Sunday was my wife, Christine's, first long ride in the Spider. Sure, she had been on numerous short trips around town with me, but nothing of any substance, nothing that could be considered tourism. Truth be told, a day traveling out in the countryside for the sake of seeing the countryside and dancing down the roads is not really her thing like it is for me, but she was a good sport and agreed to spend the day with me out in the sunshine and fresh air, getting out of the big city and into nature to see the fields, forests, and waterways. To ride the roller coasters of southeastern Minnesota and southwestern Wisconsin, areas I've been enjoying for years by motorcycle. To get out and say hello to the cows.

I generally don't head out with a hard destination in mind, the journey vs. the destination, but having a destination is helpful for her. And what better excuse for a nice, long drive than a nice lunch? Years ago we'd discovered Buzzard Billy's Bar & Grill (a.k.a. BB's Flying Carp Cafe) in La Crosse, WI. Tasty Cajun-style cooking in the upper mid-west. Also located in Iowa, Nebraska, and Texas. (Huh, no locations in New Orleans.)
https://www.buzzardbillys.com/
And these are just the appetizers. Now, I've never been to N'Awlins to laissez les bon temps rouler, but if this WI prepared food is half as good as the original, I need to get myself down there someday.
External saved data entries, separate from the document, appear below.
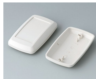
B9006817 Unter- und Oberteil EL ABS (UL 94 HB) grauweiß RAL 9002 78x48x24mm
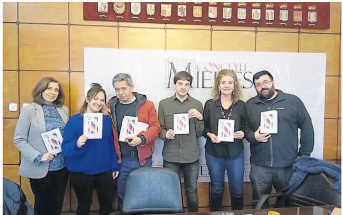
Presentación en el Ayuntamiento de Mieres de la programación cultural del primer trimestre.

Actividades. Además, la concejalía de Cultura en su programación del primer trimestre incluye ciclos de cine sobre arte, intriga, musicales, igualdad, genero y diversidad. También exposiciones sobre feminismo, montaña, bollos y memoria histórica. Todo ello en los centros culturales del concejo y también en las bibliotecas que mantienen, al igual que el Ateneo de Turón, una actividad específica.
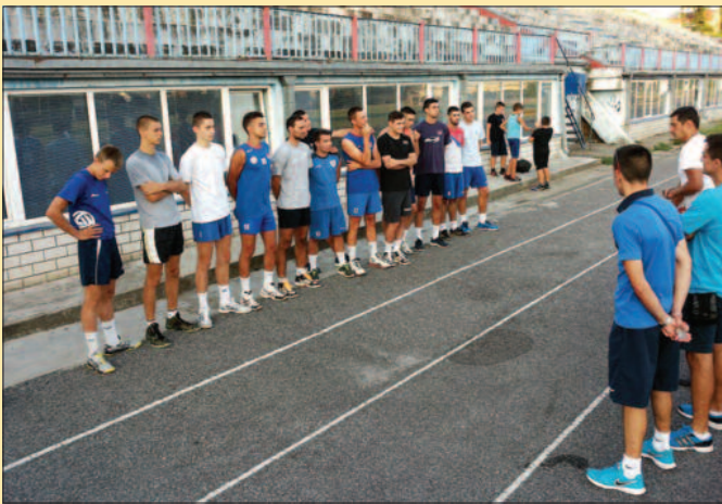
Први тренинг на атлетској стази - одбојкаши краљевачке Рибнице

Одбојкашки клуб Техничар из Краљева одлично ради са млађим селекцијама, имамо дборо сарадњу и нови играчи су стигли из овог клуба. У питању
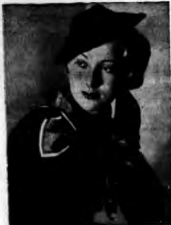
Wdzięcznym uzupełnieniem tegorocznej mody jesiennej są szal i rękawiczki, estetycznie skombinowane, miiimóżnorodności kolorów i kształtem.
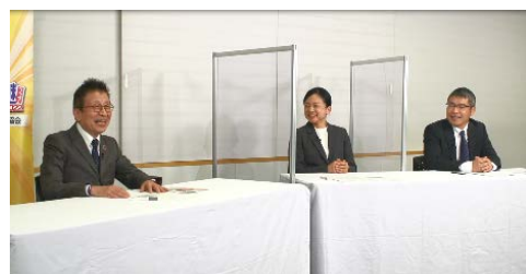
<トークセッションの様子>

基調講演・セミナーについては1週間のアーカイブ配信も行い、多くの皆さまにご視聴いただきました。
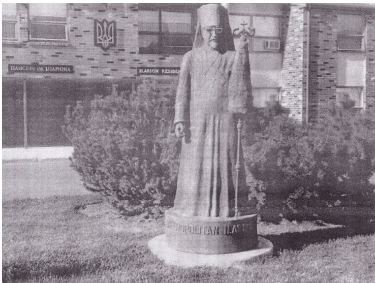
Пам'ятник Митрополитові Іларіону перед пансіоном імені Іларіона в Саскатуні (автор В. Епп)
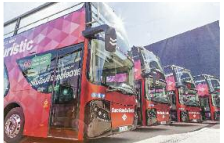
El servei ha tornat a funcionar aquest estiu després d'un any.

Quant a la sostenibilitat del servei, s'ha apostat per fomentar l'ús del transport públic en les visites, acostant les rutes a estacions com les de Sants o la Sagrera. Per últim, hi ha el compromís que els nous vehicles que s'incorporin a la flota siguin menys contaminants.
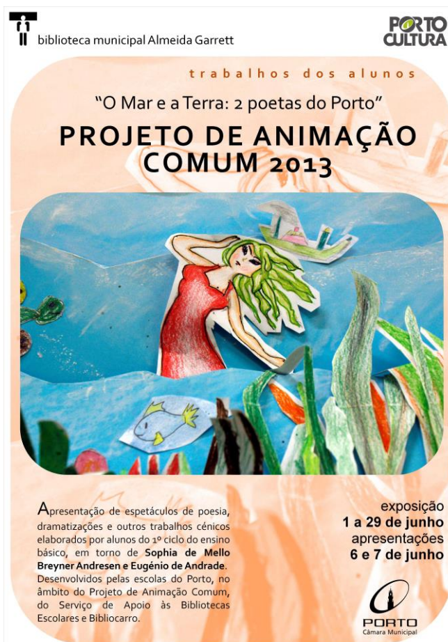
Figura 7 - Cartaz PAC 2013
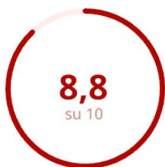
Soddisfazione del Corpo Docente
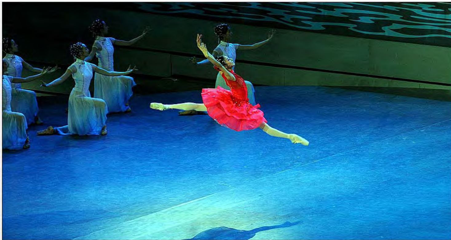
En la apertura hubo un espectáculo a cargo de 2.300 artistas que celebraron el eslogan de la Expo: "Una ciudad mejor, una vida mejor".
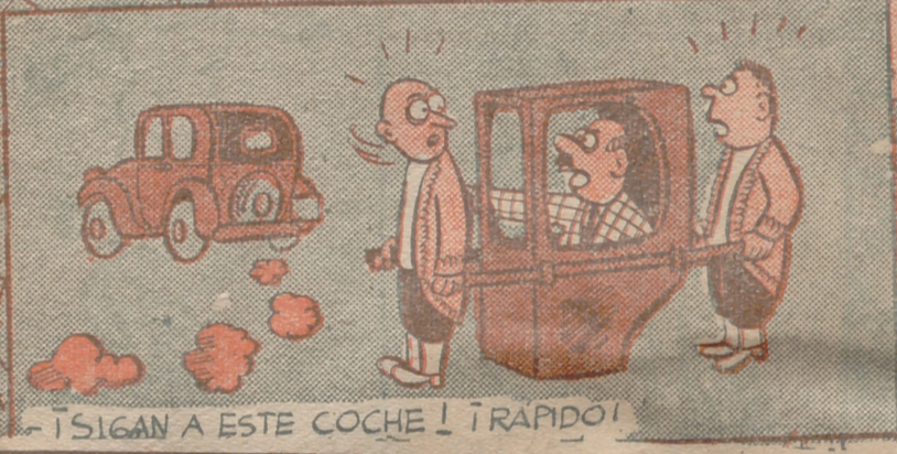
-¡SIGAN A ESTE COCHE! ¡RAPIDO!
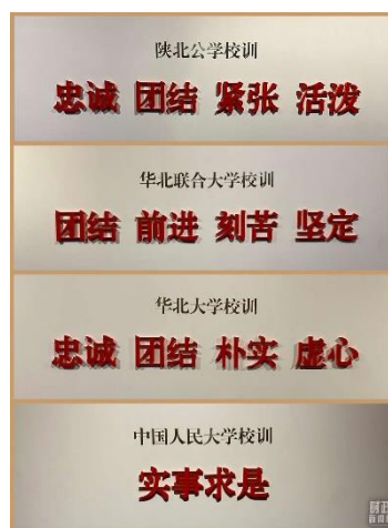
△中国人民大学（自1937年至今）的校训变迁展示。

在考察中，总书记再次强调，建设中国特色、世界一流大学不能跟在别人后面依样画葫芦，简单以国外大学作为标准和模式，而是要扎根中国大地，走出一条建设中国特色、世界一流大学的新路。

Lunch was our reason, the Mississippi River would be our guide. After getting out of the Twin Cities area, we jumped into Wisconsin at Prescott and followed the scenic WI Hwy 35 southbound, which runs alongside the eastern shore of the Mighty Miss. We had left home at about 9:30am in hopes of being at the front end of a typical summer weekend day of rambling traffic on this great route, and that plan worked. For a good portion of the 150 or so miles to the La Crosse, WI area we were in very sparse company, but the weather was ideal and the drivers and motorcycle riders would be coming out in force as the morning went on.

WI Hwy 35 is a wonderful 2-lane highway running the western length of the state, from Lake Superior on the north to just shy of Illinois on the south, much of the southern half of the distance hugging the great river, if not within spittin' distance of it. The highway will have straight stretches, but when it is alongside the river it twists and bends, and climbs and drops, through wonderful natural scenery. Bluff County as it is known. The small towns come and go every seven or eight miles, each one contributing its own flavor to life on the river.

We arrived at Buzzard Billy's about 3 hours after leaving home, and after filling our bellies we roamed around the neighborhood on foot to stretch our legs and help digest our huge lunch. La Crosse, WI also has a great old downtown area that provides another reason to visit.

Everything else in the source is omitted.